In the 1990s and 2000s, globalization created a division within socialism. While some of the social democratic currents adhere to it, seeing in globalization the opportunity for a more regulated world through international agreements and the control of international organizations, globalization can also be perceived as the upper stage of capitalism. Globalized companies are freeing themselves from states and imposing their neoliberal ideology on them; an ideology that legitimizes private interests at the expense of the common good and the exploitation of developing countries, creating then a globalized proletariat.
The anti-globalization movement is very heterogeneous and weakly organized. However, the Porto Alegre Manifesto produced at the 2005 World Social Forum lays out some orientations, including the establishment of an international tax on financial transactions, the cancellation of public debts of developing countries, the guarantee of food security through the promotion of self-sufficiency and fair trade, the fight against racism in all its forms and the restoration of Indigenous rights. The proposals of the anti-globalization movement find a certain echo in South American socialism mixed with populism, particularly in the Bolivarianism of Hugo Chavez.
The social democracy that adheres to globalization will develop the thesis of the “third way.” Theorized by Anthony Giddens and Tony Blair (1998), it considers that there is a place between the “old” statist and redistributive social democracy and deregulatory and unequal neoliberalism.

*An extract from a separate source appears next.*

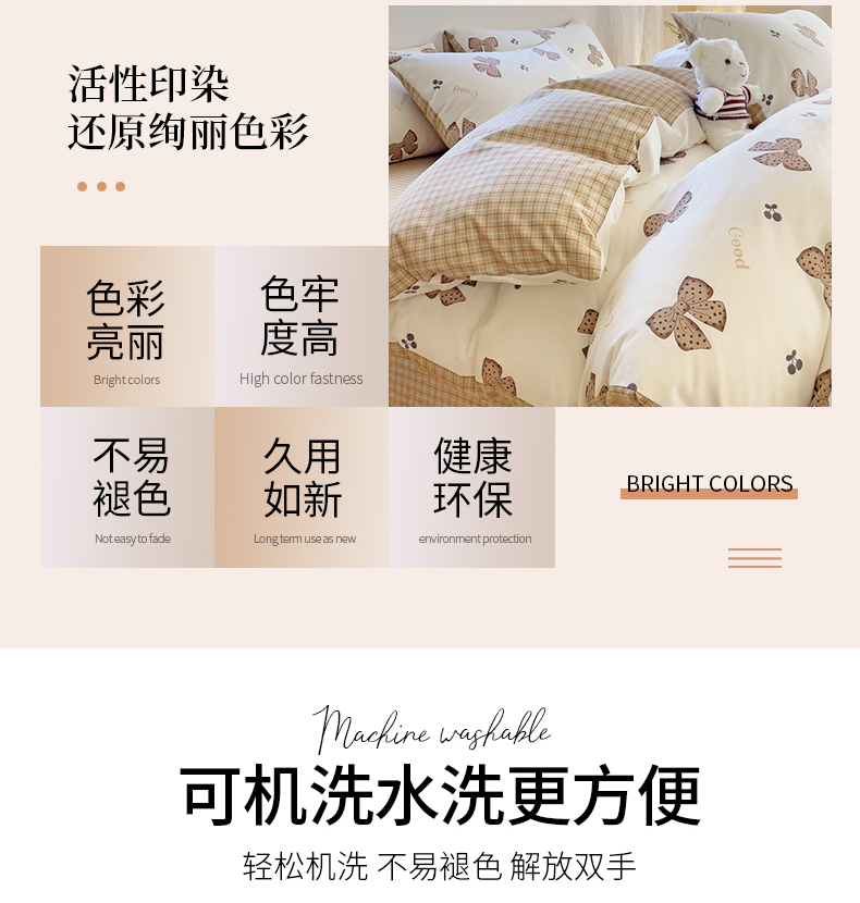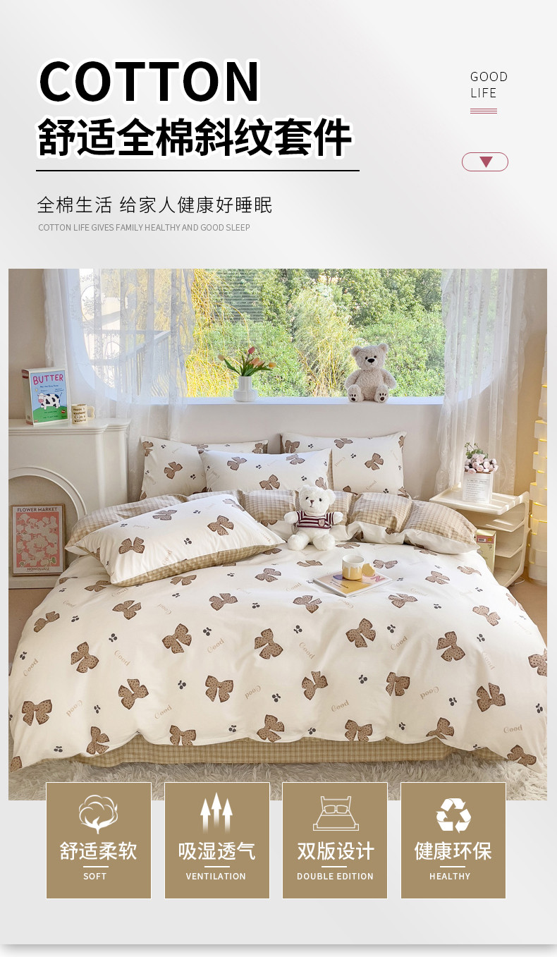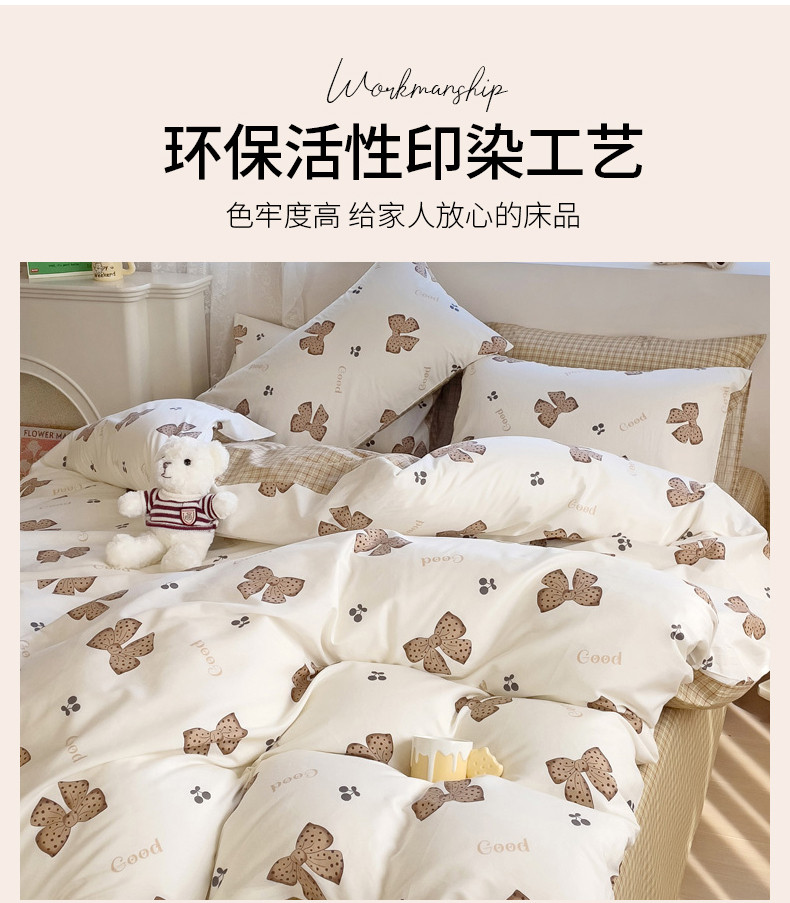 当前位置: 91家纺网 > 商品网购 > 床品套件 > 四件套 > 全棉普通四件套 > 金丝鸟 2023新款全棉可爱卡通印花小清新四件套-第二批 斑点蝴蝶结

Because globalization imposes economic, political, and societal changes, this third way aims to regulate them with equal opportunities for everyone, but also it is based on a strong societal progressivism with the recognition of ethnic, national and sexual minorities. The third way corresponds ideologically speaking to social liberalism. It is being emulated almost everywhere in the West: German Chancellor Gerard Schröder was inspired by it from 1998 to 2005, as was US President Bill Clinton from 1993 to 2001 and French Prime Minister Lionel Jospin from 1997 to 2001.